10 Steps for Protecting Patient Data
With increasing numbers of access points to protected health
information under attack, the healthcare industry continues to be plagued with
damaging breaches. Just last week, CareFirst BlueCross BlueShield announced a
hacking that compromised the information of more than a million of its members.
A Ponemon Institute report released in May found that over
90 percent of healthcare organizations have been breached in the last two years
and the breaches are a growing $6 billion annual epidemic that is putting
millions of patients and their information at risk.
Although employee negligence and lost/stolen devices
continue to be primary causes of data breaches, one of the major findings of
the recent report is that criminal attacks are now the leading cause of
breaches in healthcare. While criminal attacks are often referred to as
cyber-attacks, they can also include malicious insider threats.
The study also reveals that most healthcare organizations
are still woefully unprepared to address the rapidly changing cyber threat
environment and lack the resources and processes to protect patient data.
However, Rick Kam, the chair of the PHI Protection Network, a cross-industry
collaboration of vendors formed to help expedite the adoption of PHI best
practices, believes there are some critical strategies healthcare organizations
can employ for protecting patient information.
“Probably the best place to start is really to do a risk
assessment,” says Kam. “It needs to be front and center as the starting place
to help decide and prioritize where—for the most part—a very limited IT
security budget might be allocated. What the risk assessment will do is
identify those assets and systems where PHI lives.” He sees this as an
inventory of where an organization’s patient information exists, not only
internally in a hospital or clinic, but also with external business associates
and partners that are involved in managing that data.
Specifically, the PHI Protection Network recommends 10 steps
necessary to protect patient data:
●
Demand organizational leadership
engagement. Workforce training and safeguards alone will not be effective.

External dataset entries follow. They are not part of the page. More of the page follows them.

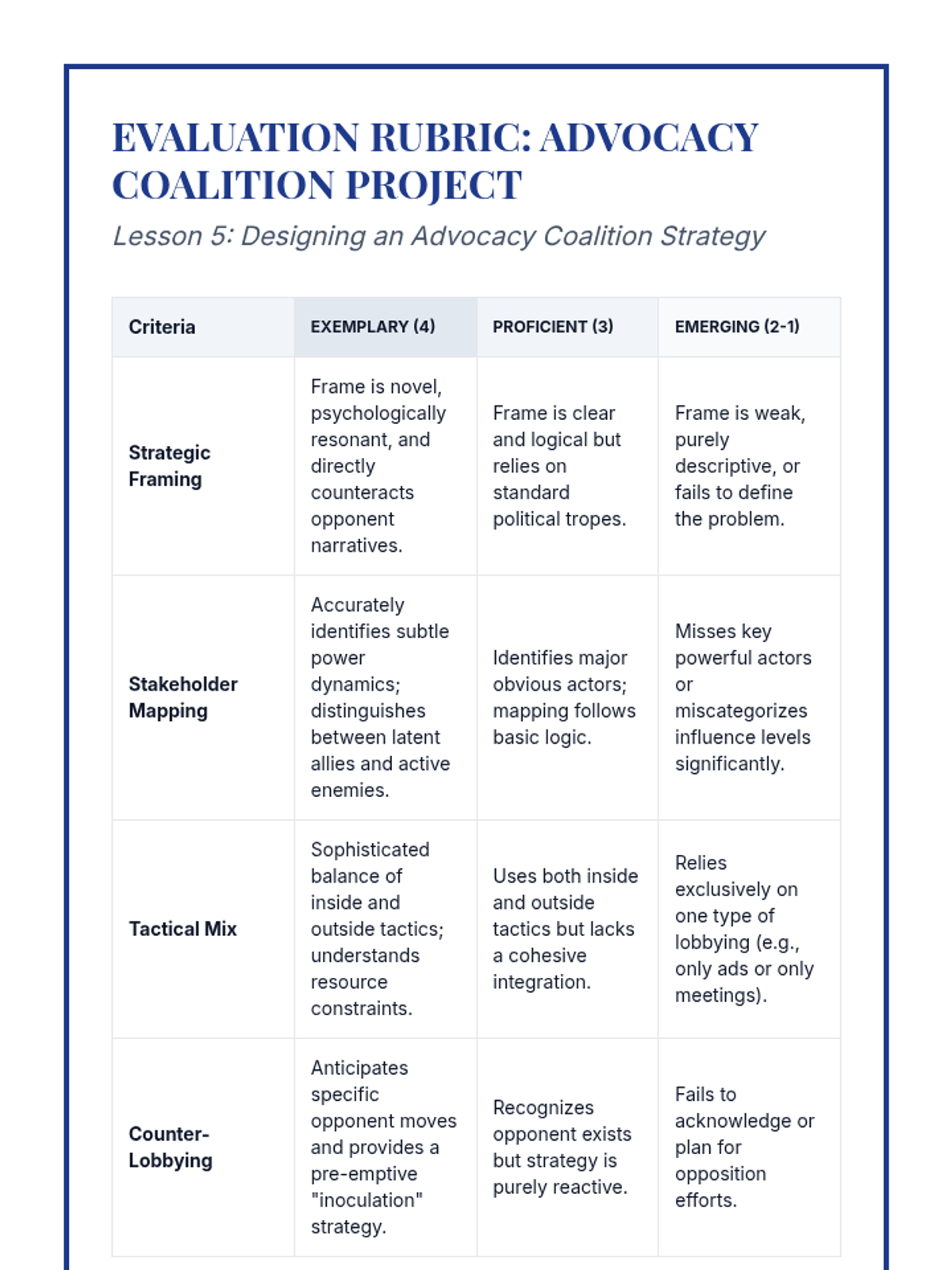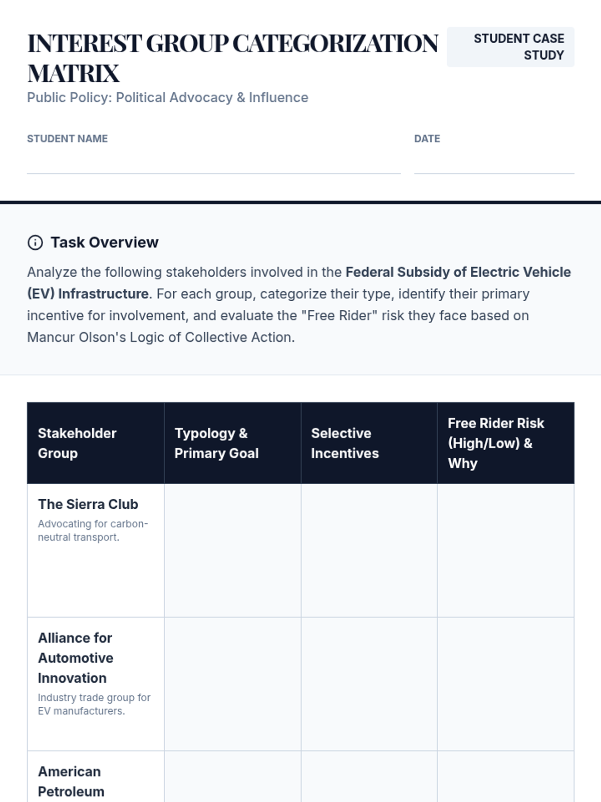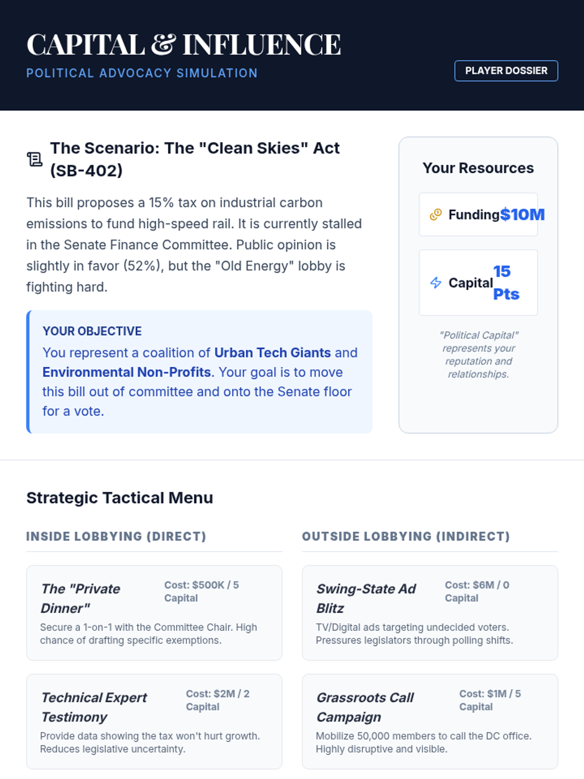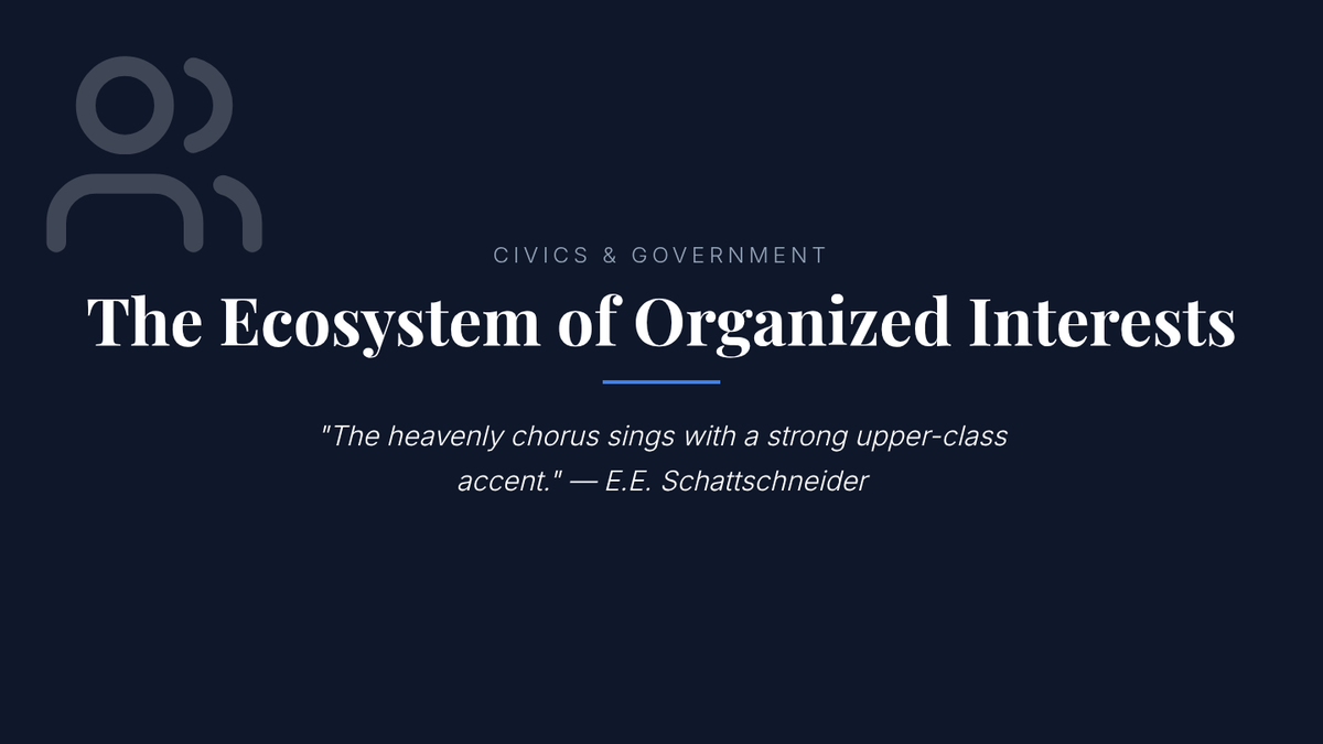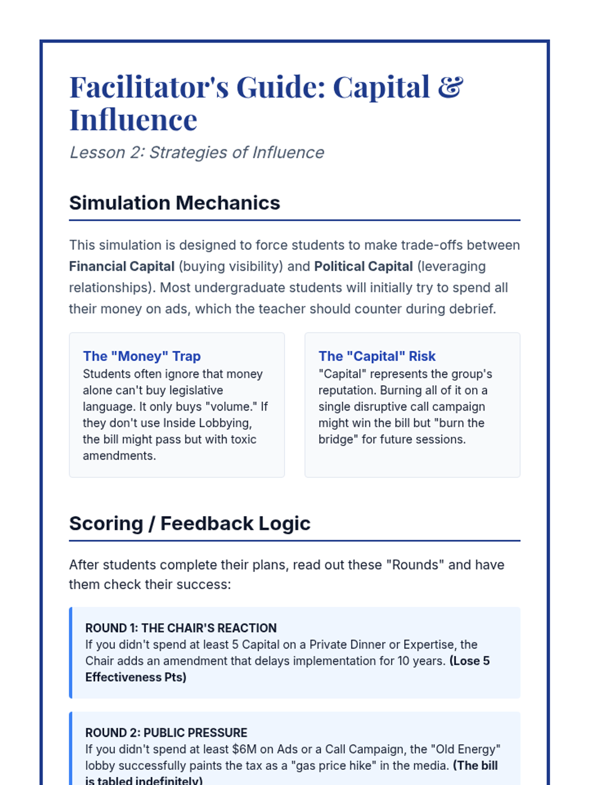 A comprehensive exploration of the external forces shaping public policy, focusing on interest groups, lobbying tactics, campaign finance, and the complex networks of influence that operate within and around government institutions. Designed for undergraduate students, the sequence moves from theoretical foundations of collective action to the practical design of advocacy strategies.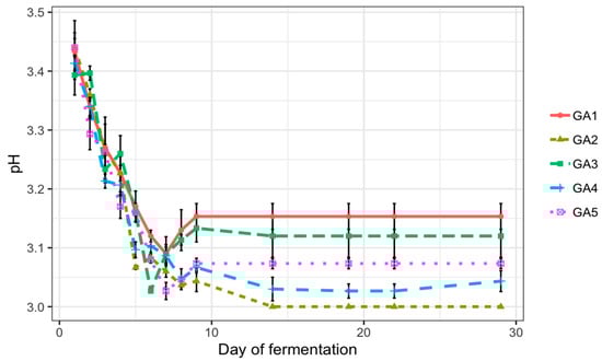From the pH dynamic changes (Figure 2), there was a similar sharp dropping trend from the initial pH of 3.45 to the pH of approximately 3.1 on Day 7 detected in all of the fermenters. After Day 7, pH values in GA1 to GA5 separated, ending with a pH range from 3.15 to 3.0 on Day 29; this was also correlated with the pomace types. The more grape pomace present in the must, the higher the pH in the final products. The decreasing pH during fermentation may be due to the production of acids and the rapid sugar and nutrient consumption by yeast.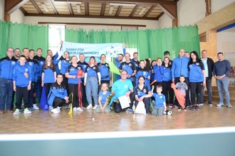 Am Ende der Veranstaltung wartete noch eine kleine Überraschung auf den Vereinsvorsitzenden Uwe Szuggar. Für seinen herausragenden Einsatz im Ehrenamt, wurde ihm im Rahmen der Aktion „Ehrenamt - Helden im Sport. Überrascht sie!“ des Landessportbundes Thüringen die Ehrung seiner ehrenamtlichen Tätigkeit im Verein zu teil. Mit Tröten, Tüchern und einem Banner empfingen ihn seine Kameraden und überreichten ihm sein Überraschungspaket und eine Urkunde. Er ist seit 22 Jahren Mitglied im Verein und hat einen sehr Beitrag dazu geleistet, dass der Verein auf seine jetzige Größe von mehr als 200 Mitgliedern herangewachsen ist. Neben den Abteilungen Bogensport und Tischtennis, führt der SV Blau-Weiß Weißensee die Abteilungen Badminton, Leichtathletik, Walking, Volleyball, Volksport Frauen, Volksport Männer und Volksport Herren. Da diese Veranstaltung ohne die tatkräftige Unterstützung der über 30 engagierten Helfer und Helferinnen nicht möglich gewesen wäre, möchten wir uns noch einmal herzlich für ihre Hilfe und das tolle Catering bedanken. Des weiteren danken wir den Stadträten sowie der Stadtverwaltung Weißensee für ihre großzügige finanzielle Unterstützung der Renovierungsmaßnamen im Schützenhaus. Auf ein baldiges Wiedersehen und „alle ins Gold“, die Abteilung Bogensport des SV „Blau-Weiß 1921“ Weißensee e.V.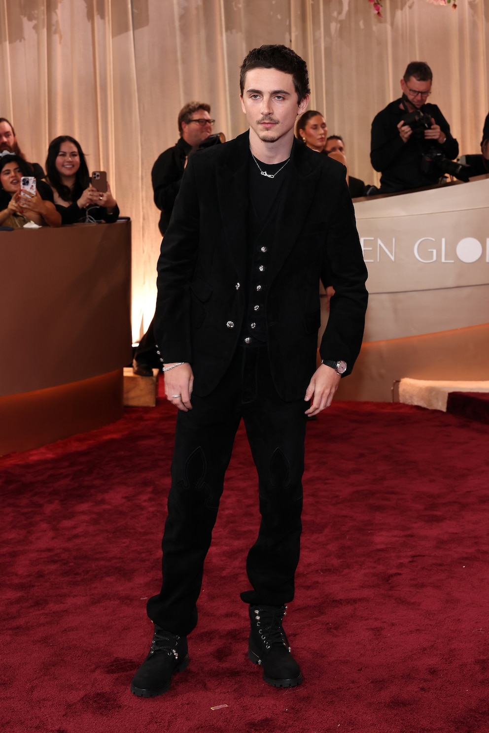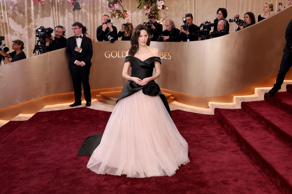 Men are also pulling out all the stops when it comes to their red carpet game. Colman Domingo, who is presenting tonight, hit the carpet in a black suit with silver embellishments, while "White Lotus" star and Golden Globe nominee Walton Goggins paired his suit with a metallic gold shirt and black tie.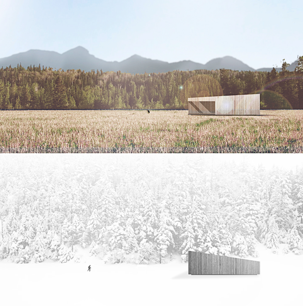 Given the prominence of the Vermont’s mountainous landscape, this artist studio is configured to maximize ones connection with its surroundings. From one end of the space capturing the views of the bolder tree lines and at the other the majestic mountain range.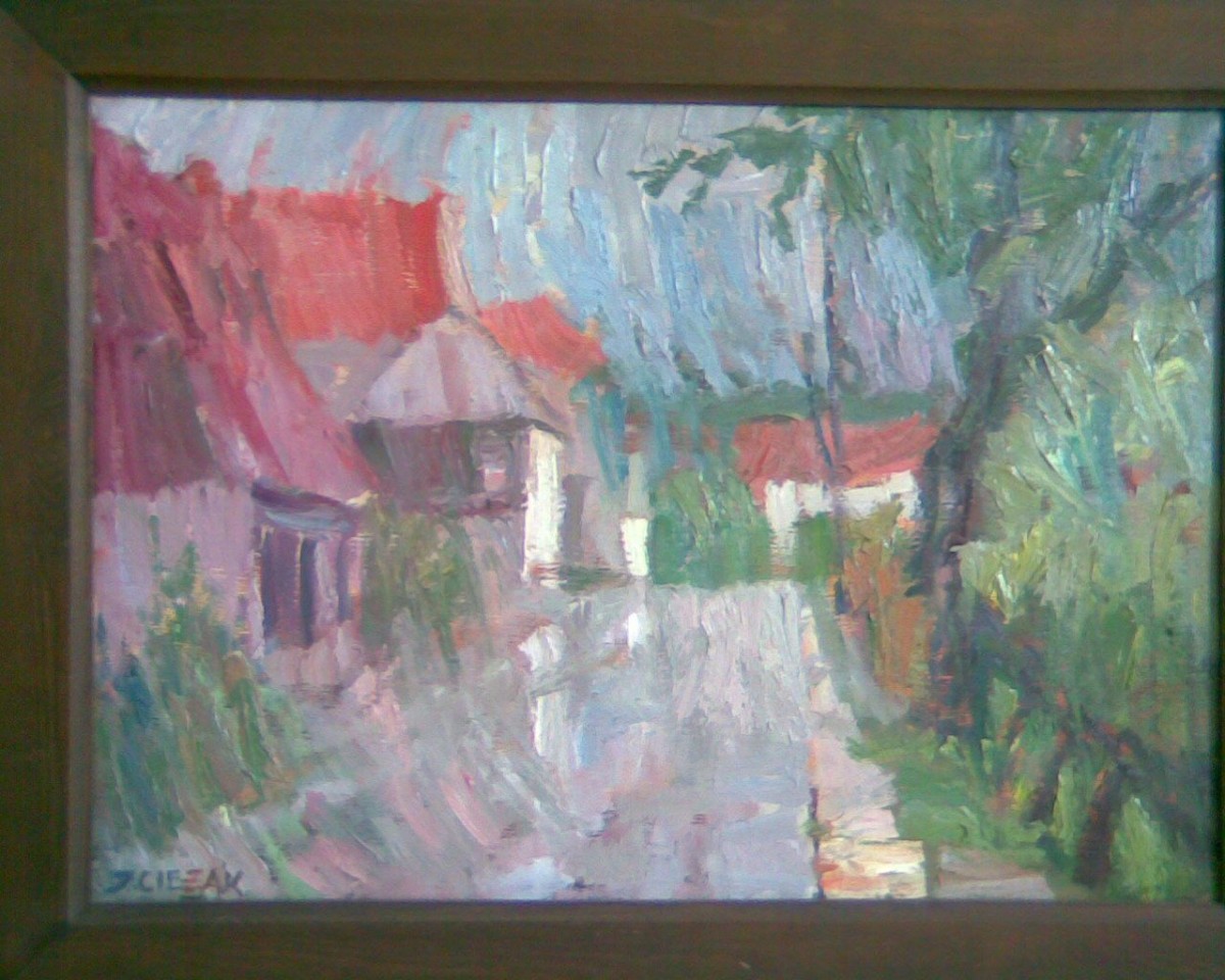 Zawsze jeżeli rozmawiamy o moim malarstwie to nieuchronnie pojawia się słowo „kolor". Można wspomnieć o rysunku, albo o kompozycji, ale to, co interesuje mnie najbardziej i to, nad czym się skupiam - to właśnie kolor. Chciałbym aby to on w procesie powstawania prac był najważniejszy, organizował obrazy, podporządkowywał sobie i rysunek i kompozycję. Taka swoista tendencja polegająca na akcentowaniu koloru w kompozycji malarskiej przy jednoczesnym osłabieniu znaczenia formy i linii. Dominująca tematyka moich prac to pejzaż, martwa natura i studium portretowe. Uznaję kolor za kompozycyjnie najważniejszy element obrazu, jego główny budulec. Staram się traktować plamę barwną jako środek częściowo zastępujący światło. Każdy stopień nasilenia światła być może powinien - uzyskać swój odpowiednik w plamie o określonej barwie. Podczas pracy mimowolnie myślę o sprawach, które decydują o jakości tkanki malarskiej i sensie pracy malarza właśnie dzisiaj, w świecie pomieszania wartości i relatywizowania pojęć w sztuce. Wydaję mi się też, że coraz więcej artystów spogląda w stronę starych mistrzów, przypomina sobie stare prawdy o sztuce i życiu (cyt. Dariusz Ciężak).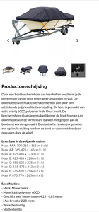 Opmerkingen Hoes is geschikt voor boot tot 4.85 lengte

Organizational leadership must embrace and champion compliance as it would any
other component of the organization’s value chain. Leadership must visibly and
actively foster a culture of compliance throughout the organization by setting
expectations and holding all workforce members accountable to the same
standards.
●
Find and identify your data.
Organizations need to know where their data lives, where it travels, and in
what form (encrypted, identified, de-identified, etc.).
●
Control PHI workflow and minimize
necessary workforce access. Organizations must find ways to better control PHI
workflow within the organization, and movement outside the organization. This
not only includes safeguarding it from impermissible uses and disclosures, but
also will require integration of HIPAA with other health information protection
activities to ensure a single point of control within the organization.
●
Assess risks. Organizations must
have solid processes in place for assessing risk with new systems, devices,
services and partners, and determine how best to use their power as purchasers
to weed out those that don’t meet best security practices.
●
Prioritize third-party vendor
management. Organizations will need help with third-party vendor management to
strengthen oversight and review processes. Smaller business associates are
particularly vulnerable since they may not have as many resources to devote to
security and compliance, and may be more likely to experience a data breach.
●
Get proactive. The healthcare
industry needs to take a proactive stance when it comes to regulations to
protect patient health information. Companies that go above and beyond baseline
protection requirements will be seen as industry leaders, and patients will
choose to use their services over others.
●
Make privacy an integral part of new
technology adoption. The pace at which new technology is being introduced into
the healthcare industry is increasing with thousands of new health-related
mobile applications available this year. But there is little evidence that
patient privacy or security features are being considered.
●
Measure to improve. You can’t manage
what you can’t measure. The healthcare industry needs to get better at
determining key metrics to continuously measure and improve security postures.
●
Look for “non-standard” systems as
potential PHI data stores. In particular, voicemail systems, customer service
call recording systems, and closed-circuit television systems could all
potentially be storing PHI, but may not be as carefully safeguarded as
traditional IT systems such as EHRs and patient billing.
●
Instill a culture of security.
Remember every employee is a guardian of the patient’s data.